Abigail Farr, Jonathan Mietchen, Bryce Tobin, Trammell Cox, and Michael Millard with Dr. Benjamin Ogles, Psychology
This study sought to investigate the relationship between motives for participating in a marathonand pre-race mood and their separate and combined influence on marathon running performance. Our goal was to determine whether or not performance may be dependent upon specific motivations (motivational clusters as determined by previous cluster analyses of marathon samples completing the motivations questionnaire) and pre-race mood among marathon runners. Our hypothesis was that there is interaction between a marathoner’s affective mood state and their specific motivation for running. Furthermore, it may be possible to discover optimal mood states for individuals with specific motivations
Participants were be asked to complete an online survey, the Motivations of Marathoners Scale (MOMS) and other basic information about past running history, prior to the day of the race. At the race, participants were given the 20 item Positive and Negative Affect Scale (PANAS) to complete. After the conclusion of the race, on their own time, participants took a Qualtric’s survey online. This survey contained questions concerning demographic information as well as participants actual and expected race performance. Using previous cluster analyses of the MOMS, the runners were divided in to cluster groups. Cluster groups were then compared in terms of mood and performance. As has been mentioned, a weakness of this study can be found in the administration of the PANAS. Many individuals took the PANAS pre-race, which was desired. Others took the PANAS post-race via Qualtrics survey software. Thirty-one individuals took the PANAS pre-race and post-race. To ensure validity of the measure, a Pearson Bivariate Correlation was conducted. The pre-race and post-race positive scale correlation was 0.90 (p<0.01) and the pre-race and post-race negative scale correlation was 0.85 (p<.01). This gives support to the notion that although the PANAS was administered twice, it was still a reliable measure and the results may still be valid.
After conducting a Pearson Bivariate Correlation of affect (positive and negative) and the nine scales of the MOMS, there were a number of significant correlations.

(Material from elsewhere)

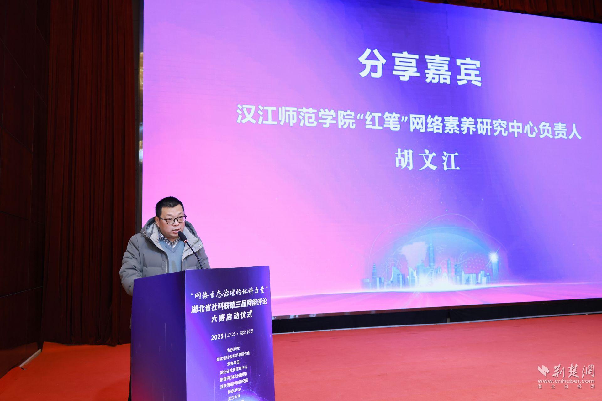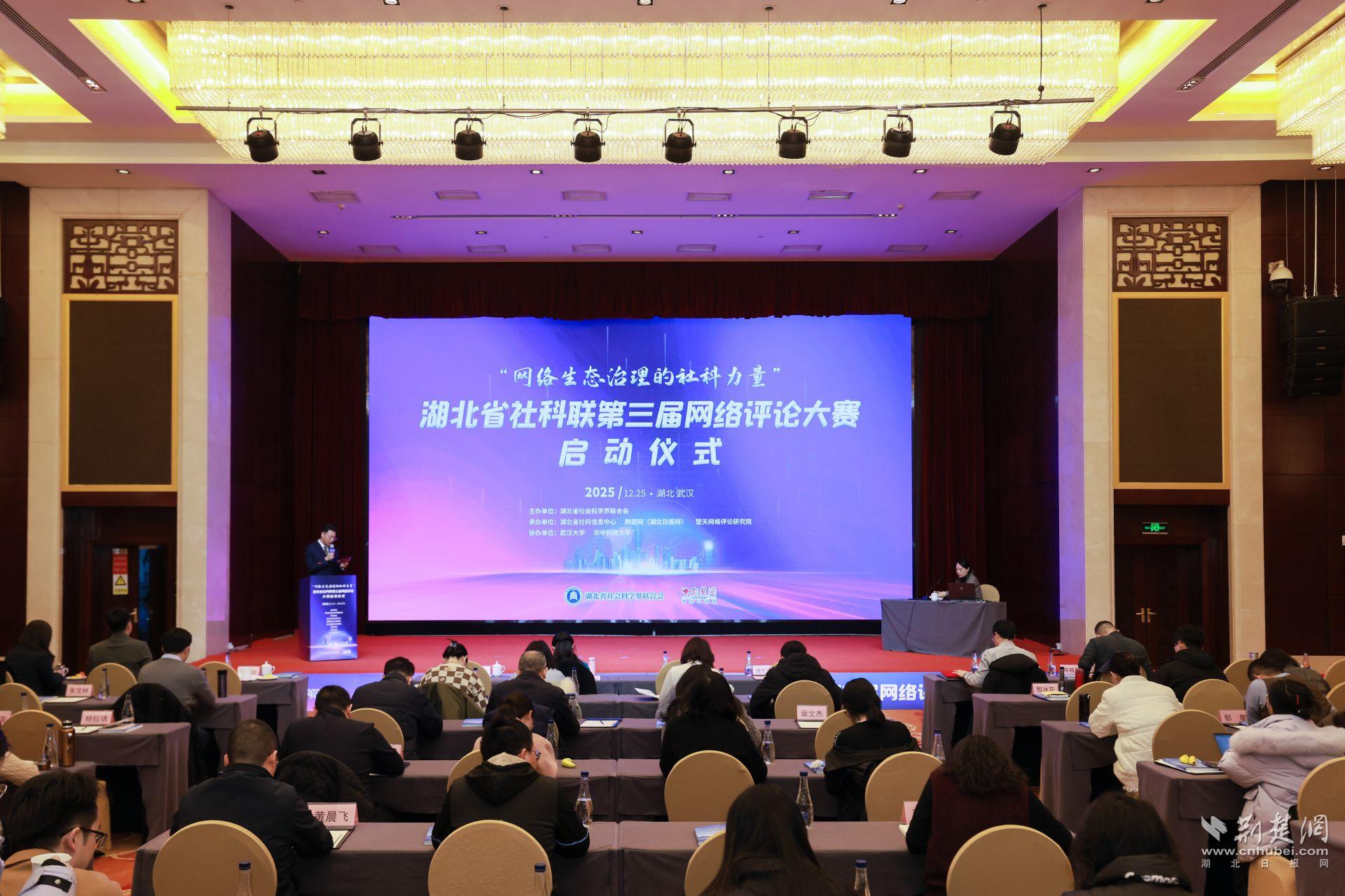 荊楚網(wǎng)(湖北日報(bào)網(wǎng))訊 (記者 丁楚風(fēng))冬日蓄勢,春潮待發(fā)。12月25日,武漢楚天粵海國際大酒店內(nèi)暖意融融,思想的火花在這里迸發(fā)碰撞。由湖北省社會科學(xué)界聯(lián)合會主辦,湖北省社科信息中心、荊楚網(wǎng)(湖北日報(bào)網(wǎng))、楚天網(wǎng)絡(luò)評論研究院承辦的“網(wǎng)絡(luò)生態(tài)治理的社科力量”——湖北省社科聯(lián)第三屆網(wǎng)絡(luò)評論大賽正式啟動(dòng)。

Positive affect was correlated with the self-esteem motivational scale (r=0.33, p<0.01), health orientation motivational scale (r=0.38, p<0.01), personal goal achievement motivational scale (r=0.39, p<0.01), coping motivational scale (r=0.36, p<0.01), and life meaning motivational scale (r=0.32, p<0.01). Negative affect was correlated with the self-esteem motivational scale (r=0.30, p<0.05), and the recognition motivational scale (r=0.27, p<0.05). After conducting a cluster analysis of the MOMS, five clusters were identified, just as they had been in the original MOMS study. Clusters three and five however had a very small number of individuals (n=4, n=8) and thus they were combined with other clusters. After this combination, there were a total of three clusters remaining. There were no significant differences between cluster types in regard to positive and negative affect. This is to say that no individual cluster was significantly more or less positive or more or less negative than any other cluster group.
In the attempt to predict a marathoner’s finish time, there were two variables that could predict after we had controlled for race distance (marathon or half-marathon), and sex. The personal goal achievement scale on the MOMS was a significant predictor of finish time (p<0.05). This motivational scale consists of items regarding improving running speed, competing with oneself, pushing oneself, beating a certain time, and trying to run faster (Ogles & Masters, 2003). This predictor did however become insignificant when miles run per week during training was taken into account. This variable then became the significant predictor of finish time (p<0.05) and the p value of personal goal achievement scale was no longer significant (p>0.05). This could be due to the covariance between the personal goal achievement motivational scale and miles run per week during training. After conducting a Pearson Bivariate Correlation, the two variables did covary significantly (r=0.28, p<0.05).
Participants with positive pre-race affect were correlated with self-esteem, health orientation, personal goal achievement, coping, and life meaning. Participants with negative pre-race affect were correlated with self-esteem and recognition. Despite several pre-race questionnaires being distributed after the race, reliability and validity remained intact. Personal goal achievement could predict race time alone but when miles run during training was taken into account it was the only predictor of race time. However, both co-vary so as an individuals personal goal achievement increased, it is likely that their miles run per week during training also increased. There were no differences between cluster groups in affect and mood could not predict race time for individual clusters.